To give a simple answer to our question: we should confess our private sins privately, and our public sins publicly. 

If you lied to someone, confess your lie and ask forgiveness.  Some years back (I remember, it was deeply humbling, because I was afraid to lose his respect, but) I had to confess a lie to a friend.  He immediately responded this way, “Now I trust you more than I did before.”  It may not always turn out this way, but he extended forgiving grace to me.  I thank God

Should we confess the sins of our hearts to one another?   Maybe.  First, ask this question: what is the good that could come of that?  If I need accountability from a brother, or a wise, older believer, that could be a good thing, if he is strong enough to call me out.  Being known by a trustworthy friend is a great treasure.  (I am referring to men with men, and women with women.)

On the other hand, I remember this question we asked: “If I have sinned by resenting someone in my thoughts, should I confess that to them?”  Absolutely not.  That can do no good at all; it brings no healing.  Confession is for reconciliation.  But if the person did not know about your resentment, you’d have to break the relationship down first, then build it back up.  That makes no sense at all.

What about the question we would ask in college: should I confess impure thoughts to the person I was thinking about?  Absolutely not.  What good could come of it?  None.  Only embarrassment and possibly temptation.  That would be disaster.

What about public sins?  Again, the question is, what good can be achieved?  What harm has our public sin caused?  If I lose my temper and speak a harsh word in front of others, they may need me to express my repentance.  I can’t “take it back,” but I can confess and tell them I am sorry.  Much good can come of that.  I can restore the dignity of the person whom I disrespected.  I have had to do that in my family lots of times.  I am responsible for those people, and my bad example had done them harm.  Again, thank God, their love was quite willing to cover my sins.

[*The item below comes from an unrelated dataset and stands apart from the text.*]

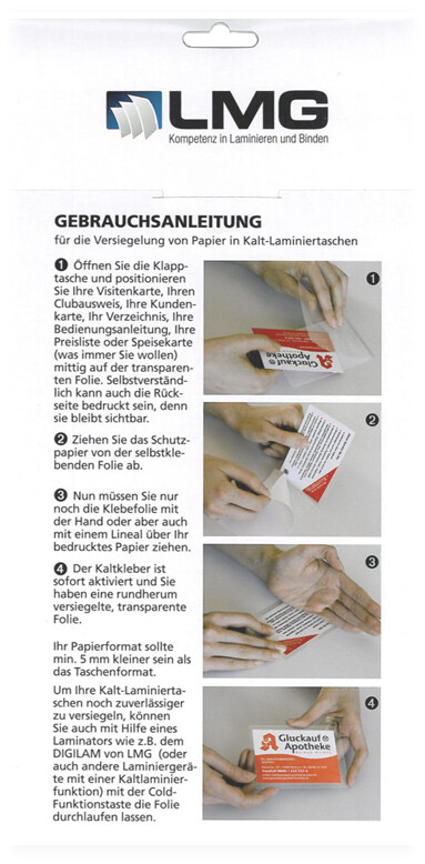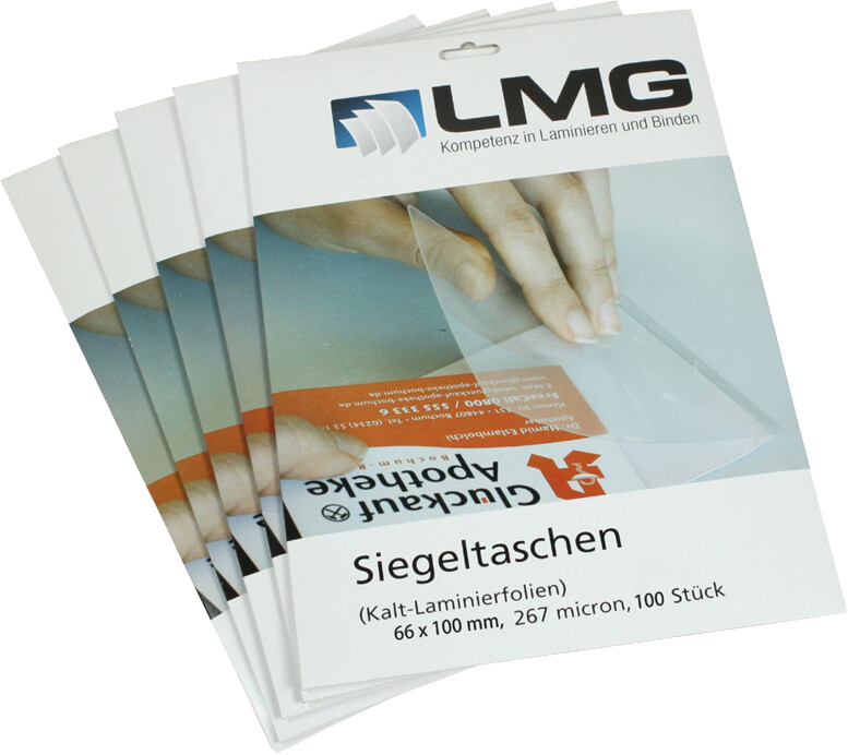 Die LMG Folientaschen zeichnen sich durch höchste Qualitätsgüte und einwandfreie Verarbeitung aus. Bei den LMG Kaltsiegeltaschen ist die Folie mit einem Kleber beschichtet, der normale Klebeeigenschaften bei allen Temperaturen hat. In der Verbindung zwischen Papier und Folie fungiert der Kleber wie ein doppelseitiges Klebeband. Je nach Größe der laminierten Drucke kann das Laminieren ohne eine Laminier- bzw. Kaschiermaschine erfolgen.

What must I do to build others up?  As a pastor, occasionally I realized that I had taught something that was not correct and biblical.  So, I would try to explain that and correct my mistake.  (I am just giving a few examples here.  It would be a huge problem if a pastor did that often.  That would raise questions about his competence, or possibly his putting himself in the center of attention, rather than preaching Jesus Christ.)

This is a sound rule of wisdom: confess private sins privately, and public sins publicly.  “Whoever conceals his transgressions will not prosper, but he who confesses and forsakes them will obtain mercy.” Proverbs 28:13.
Howard Griffith, Ph.D.
Associate Pastor of Systematic Theology and Academic Dean
Reformed Theological Seminary, Washington D.C.